AI Ethics, Impossibility Theorems and Tradeoffs
This is the crux of the issue and as always, most people seem to miss it. Often “fair” is used as shorthand for “does what I think is right”.
Isn't this just a misleading way to say "holding a certain causal belief"? Why exactly would that be a bad thing? If you reject one set of causal beliefs, you necessarily hold a different set.
It's a much broader problem than that, because the direction of causation can be extraordinarily difficult to establish in general.
Changing the color of your car shouldn't change your ethnicity, but what if it does? Suppose you're white with Spanish ancestry and Hispanics are the group who like red cars. Paint your car red and some red-car-preferring Hispanics may be more inclined to associate with you and thereby cause you to be more immersed in Hispanic culture and start to identify as Hispanic rather than white.
And that's a silly one just to show that even the exemplar could be wrong. More plausibly, what if the causation between "risky behavior" and "red car" is reversed? We know that colors can affect human behavior. If getting into a red car makes you drive more aggressively then you have a direct causal chain between being more likely to buy a red car (for any reason) and being more likely to drive aggressively and get into a car crash.
That means that in order to use this you would first need to prove the direction of causation between the two behaviors. But that's a tall hill to climb when one of the factors you're trying to prove causation with is the one you don't have good data on.
There is also a straight forward way to tell when a method like this is definitely getting the math wrong -- does it make the prediction rate for that class of people worse? If your assumptions are correct then it shouldn't, so if it does then you've unambiguously failed.
And every time I express my desire for autobahns without speed restrictions to crisscross North America, whoever I'm talking to has generally been quick to inform me that Germans can have nice things like that because they are careful/skilled drivers, while Americans are reckless (wreckful) drivers and cannot be trusted at high speeds.

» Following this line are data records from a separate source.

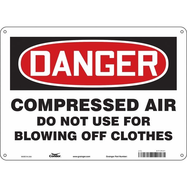 Safety Sign, Horizontal Rectangle, Number of Printed Sides 1, English, Sign Format Traditional OSHA, Sign Legend Compressed Air Do Not Use For Blowing Off Clothes, Sign Legend Background Color White, Sign Legend Style Text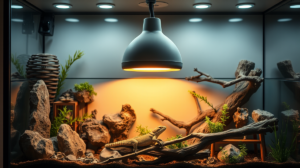Bei der Installation eines Terrarium Beleuchtungssystem sollten Sie auch auf Temperaturgradienten achten. Reptilien thermoregulieren, indem sie zwischen wärmeren und kühleren Bereichen wechseln. Positionieren Sie die Hauptlichtquelle daher über einem Bereich des Terrariums und lassen Sie andere Bereiche etwas kühler, um Rückzugsmöglichkeiten zu bieten.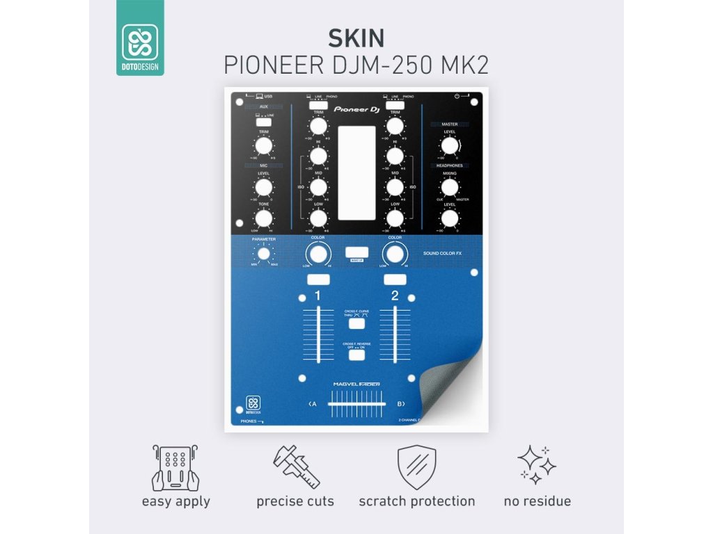 Nalepovací skin pre mixážny pult Pioneer DJM-250 MK2 vo vyhotovení COLORS DVS, farba blue (modrá).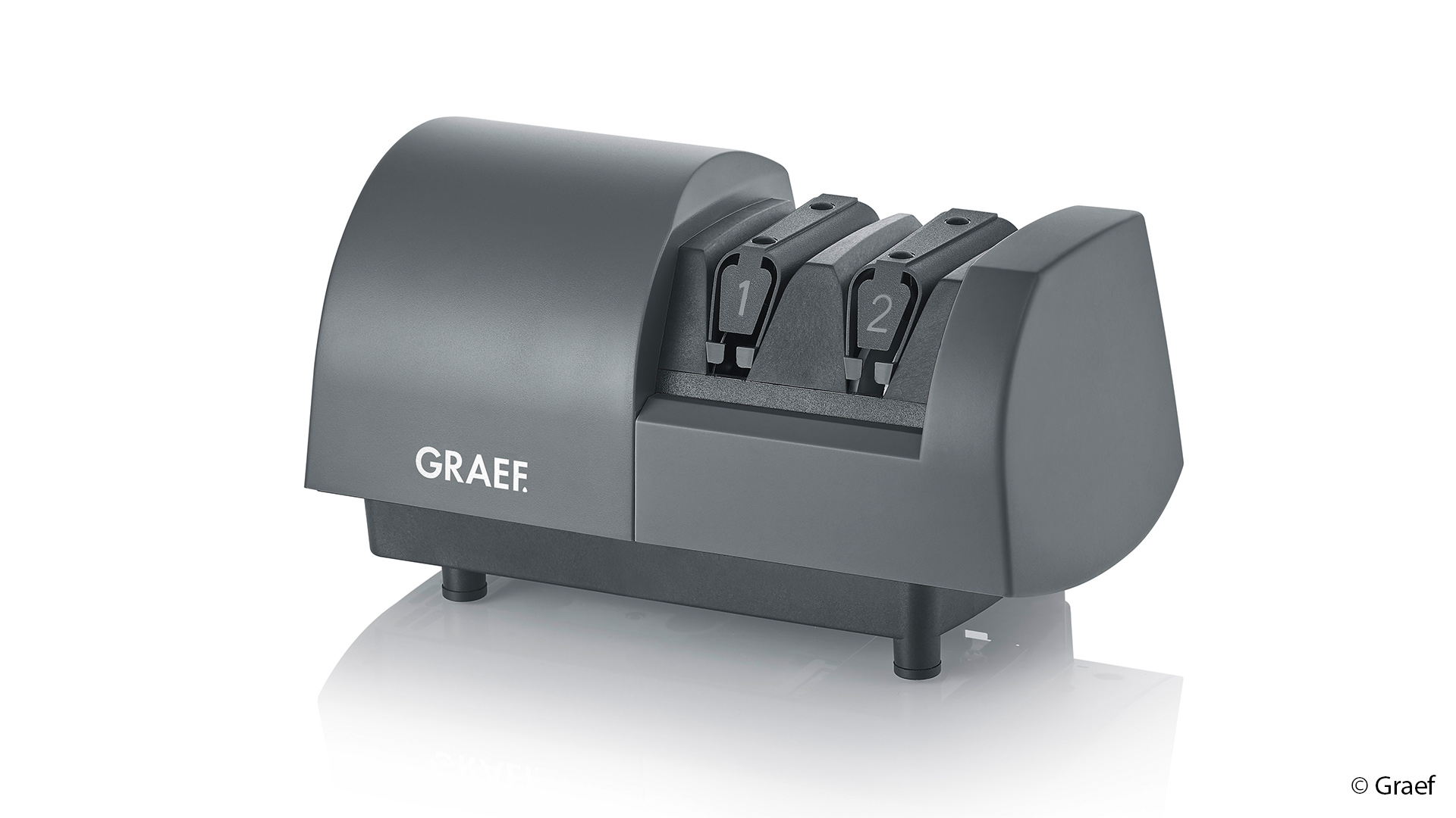 Mit dem SG530 bietet Graef eine erweiterte Variante mit drei Bearbeitungsstufen an. Neben zwei Schleifstufen kommt ein zusätzliches Polierverfahren zum Einsatz, das die Schneide weiter verfeinern soll. Das Modell ist nicht nur für klassische Küchenmesser geeignet, sondern kann auch bei Jagd-, Filetier- oder Taschenmessern eingesetzt werden.

Now you may argue that correlation reflects causation in a particular case, sure, but in general, it is not the same, so it seems perfectly logical to me to point out that you can start building your model with certain causal assumptions and without others, without in any way disregarding your statistics.
Because, as people give lip service to constantly, but never seem to really adhere to, correlation is different from causation.
Making a system fair at the very least requires people designing the system to be fair. It's pretty clear that still does not happen, so I'm pretty skeptical of those that claim it's just around the corner.
It used to be considered fair to let people smoke when they wanted. Then it was considered fair to have smoking sections and non—smoking sections in restaurants. Now it’s considered fair to ban smoking entirely in restaurants and most public places.
You have a choice of whether or not you believe being male causes car insurance claims. That is independent of the statistical correlations. Ten times a day people say correlation is not causation, but a hundred times a day, I see people implicitly insisting that it necessarily is.
If I'm running an insurance agency and not a public policy advocacy, and my data keeps showing that men have higher accident rate than women, I can just ignore causation and build my actuarial tables based on that. I don't need a casual model here, at least not until the point I'd want to optimize my models further still, but there are diminishing returns on that.
The reason fairness has so much headway among engineers isn't just an aversion towards discrimination among educated people. It's that we all know this stuff is way jankier than we care to ever admit, and that we'd never want to be the data sausage going through the algorithm grinder.